Stiglitz defendeu o fortalecimento do BNDES e até a criação de outros bancos de desenvolvimento para apoiar os investimentos na economia verde, lembrando que o estado de Nova York criou o seu banco de investimento. Na opinião dele, os mercados emergentes, até por meio do Brics, têm os recursos para criar e expandir o financiamento para impulsionar a transição verde.
Sugeriu ainda que o Banco Mundial e outras instituições multilaterais sejam encorajadas a oferecer empréstimos com baixas taxas de juros e a criar um fundo de tecnologia verde para ajudar os emergentes a fazer a sua transição.
Neocolonialismo
O ambiente global está mudando muito, disse ele, inclusive em torno da ideia de liberalização da economia, de que todos se beneficiariam da remoção de barreiras: “ninguém mais acredita nisso”. O neoliberalismo acabou, disse ele, acrescentando que por muitos anos as políticas industriais foram criticadas. Agora, porém, acrescentou, tanto os republicanos quanto os democratas estão dizendo que os Estados Unidos precisam de uma política industrial para fins de segurança, para garantir chips seguros e para a transição verde.
Stiglitz elogiou a política de combate à inflação (o Inflation Reduction Act – IRA) do governo Biden, que destina bilhões de dólares para a transição energética. Mas disse que o efeito colateral é criar mais desigualdade na transição. Ele também elogiou os incentivos da Europa à transição verde, mas opinou que, junto com os subsídios dos EUA, criam mais desvantagens para os emergentes.

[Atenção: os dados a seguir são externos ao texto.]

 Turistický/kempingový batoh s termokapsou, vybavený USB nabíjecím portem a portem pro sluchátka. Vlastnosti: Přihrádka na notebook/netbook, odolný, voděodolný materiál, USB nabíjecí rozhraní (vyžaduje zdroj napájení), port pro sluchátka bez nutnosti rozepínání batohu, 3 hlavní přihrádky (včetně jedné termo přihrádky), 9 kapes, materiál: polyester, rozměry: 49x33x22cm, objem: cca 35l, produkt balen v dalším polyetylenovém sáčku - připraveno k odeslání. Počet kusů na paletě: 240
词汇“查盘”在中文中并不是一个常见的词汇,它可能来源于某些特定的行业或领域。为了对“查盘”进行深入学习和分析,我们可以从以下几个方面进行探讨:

Para piorar, tem ainda os ajustes transfronteiriços e tarifas verdes, como o imposto de fronteira que vai começar a ser adotado na Europa (CBAM). Segundo ele, isso é uma nova forma de “protecionismo verde”, que poderá prejudicar as exportações de países como o Brasil. “Os países desenvolvidos estão dificultando a transição para as economias emergentes”, afirmou.
Novo fôlego para a política industrial
Numa nova arquitetura global em que as políticas industriais voltaram a ser aceitas, segundo Stiglitz, o Brasil precisa pensar como recriar igualdade de condições de mercado. O Brasil tem que responder a essas pressões no G20 e na COP 28”, afirmou.

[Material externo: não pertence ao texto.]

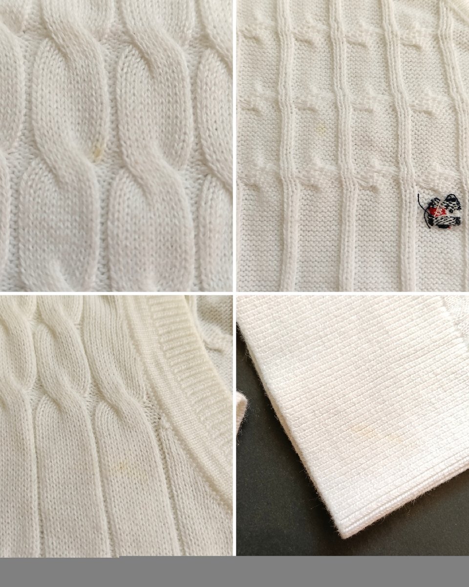 商品説明 Tommy Hilfiger(トミーヒルフィガー)のケーブルニットセーターです。 クラシックなケーブル編みが特徴で、上品なホワイトカラーはどんなスタイルにも合わせやすく、季節感たっぷりのアイテムです。 柔らかく暖かいニット素材で、肌触りも良く着心地抜群。 一枚でのコーディネートはもちろん、シャツやカットソーとの重ね着も楽しめます。 詳細 ●サイズ:【Mサイズ】 袖丈58cm、身幅44cm、肩幅37cm、着丈58cm(平置き採寸) ●素 材:綿99%、ナイロン1% ●カラー:ホワイト ●ランク:Cランク ●コンディション:左手袖口、左首元、内側のロゴ近くや表側の中央にシミがあります。 全体に畳み皺があります。 |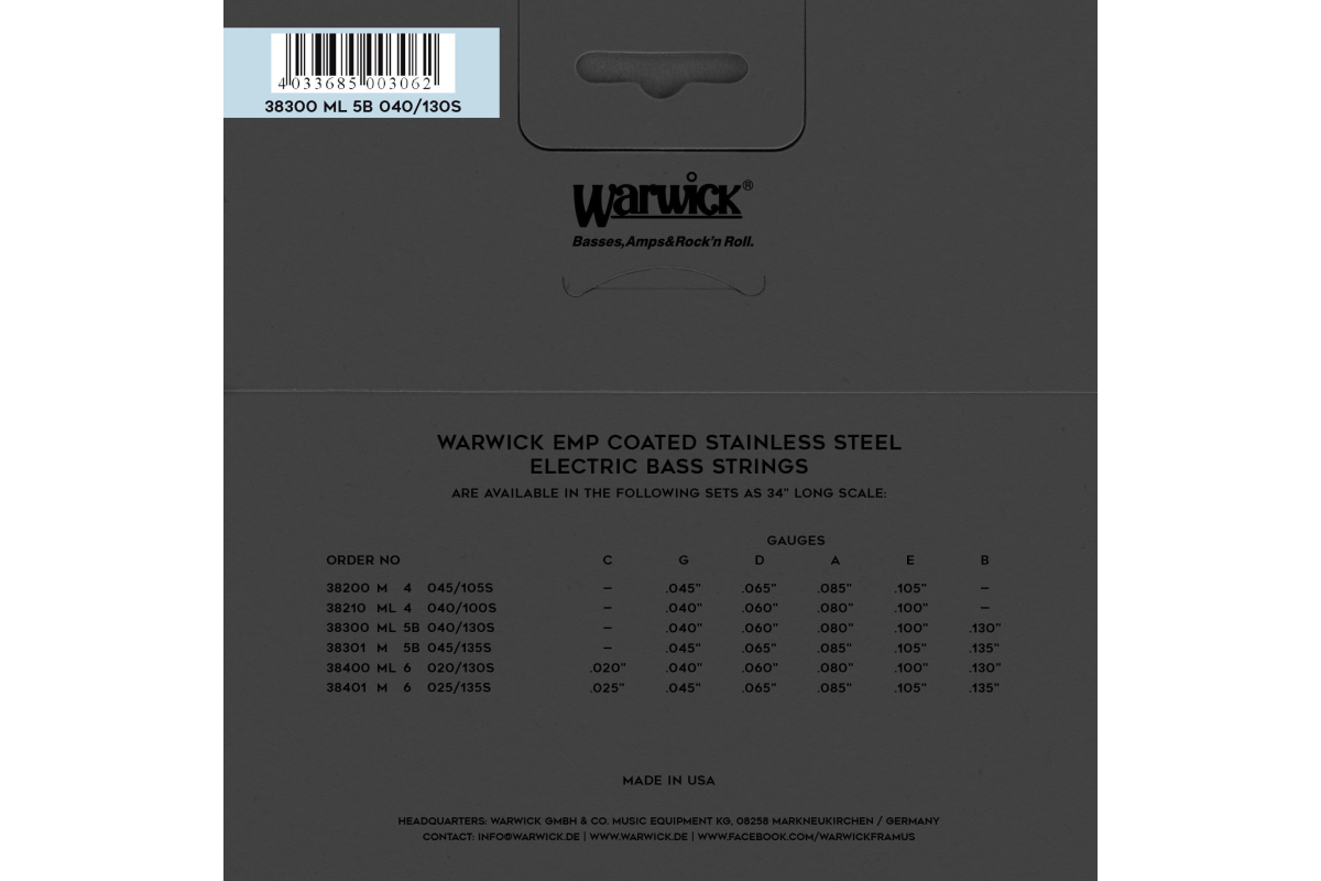 Струны для бас-гитары Warwick 38300 EMP Medium Light 5-String (40-130) – профессиональный набор из пяти струн с защитным покрытием EMP (Enhanced Molecular Protection) , что обеспечивает устойчивость к коррозии, окислению и увеличивает срок службы в несколько раз.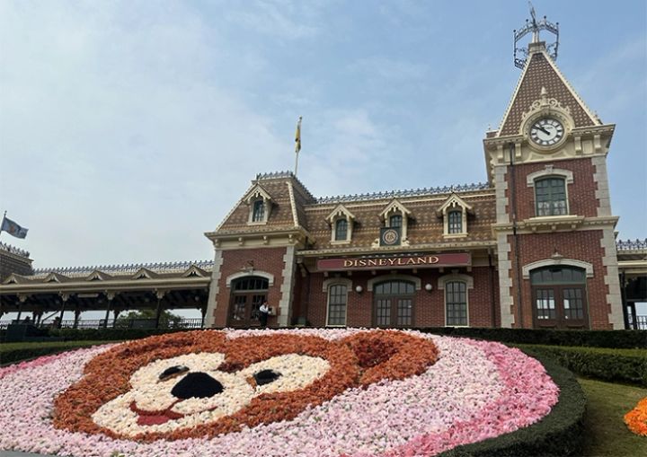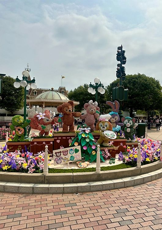 入場すると、まず目の前に飛び込んできたのがお花でできたダッフィーが! 通常はミッキーがお出迎えですが、『ダッフィー&フレンズ プレイ・デイズ』のフェス・フェスティバル期間中は特別にダッフィーにバトンタッチ!

Segundo ele, a imposição de novas tarifas verdes pelos países desenvolvidos tem um efeito de “neocolonialismo”, ao dificultar a exportação de produtos de maior valor agregado e manter os países menos desenvolvidos apenas como produtores de commodities. “Por isso, a liderança do presidente Lula é tão importante”, comentou.

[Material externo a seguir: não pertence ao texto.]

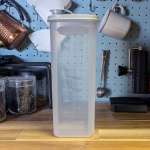 そもそもタッパー社のプラスチック製食品保存容器なんて、使ったことがなかったわけですが、さすがは元祖。食品保存容器と同じ構造で液体までOKだなんて、いかに密閉性が高いかが分かります。
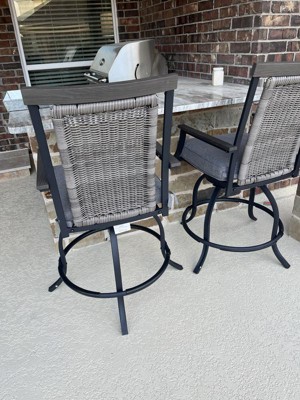 Absolutely love this dining set. The stools are comfortable, and the swivel feature is a nice touch. It’s held up well in the rain too. 5 stars!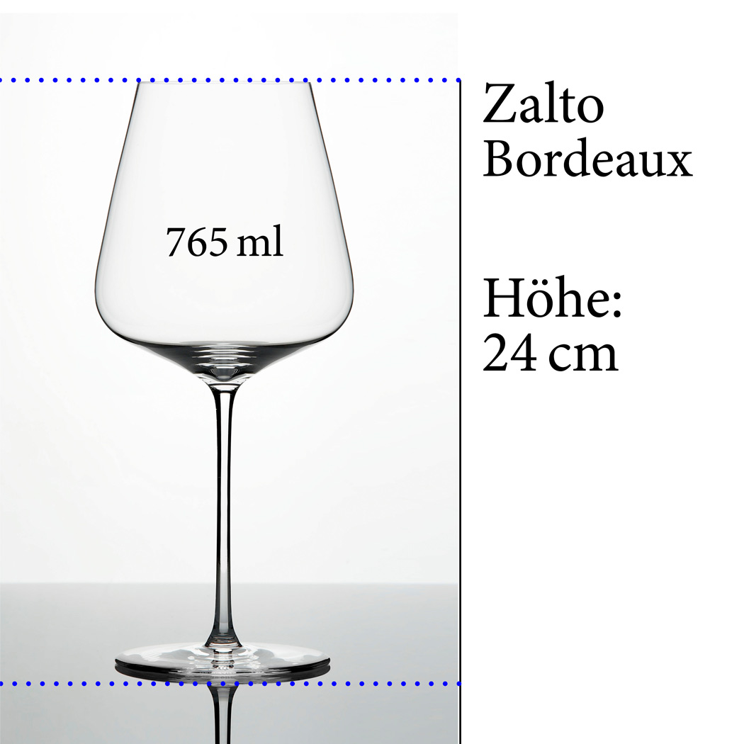 Unser exklusives Bordeaux-Weinglas wird von der österreichischen Premiumweinglas-Marke Zalto hergestellt. Alle Gläser des Unternehmens sind bleifreie, mundgeblasene Kristallgläser.

O economista disse que houve uma mudança no entendimento sobre a relação entre mudanças climáticas e a economia. Hoje, está claro que as políticas de combate as mudanças climáticas podem promover o crescimento econômico. Questionou também quem diz que as energias renováveis não são muito confiáveis, dizendo que “ditadores como Putin (o presidente da Rússia, Vladimir Putin) são menos confiáveis ainda”.
Se a política climática for forte, pode promover o crescimento em todos os aspectos, acrescentou. Além da redução das emissões, tem uma série de benefícios, como os de saúde, que são parcela dos benefícios totais. No Brasil há outro aspecto que é o fato de a Amazônia ter um impacto no clima de todo o país, com influência também no clima do mundo: “sabemos que se não houve chuvas o Brasil não terá colheitas. “Existe um link muito claro entre a preservação da Amazônia e da agroindústria”.
Stiglitz lembrou que o agronegócio é responsável por grande parte das emissões de gases de efeito estufa do Brasil, ao falar da importância de fixação de carbono no solo.
Outras áreas que, na visão dele, merecem atenção são o investimento em transporte público e a criação de regras de zoneamento urano para estimular a construção de habitações mais sustentáveis.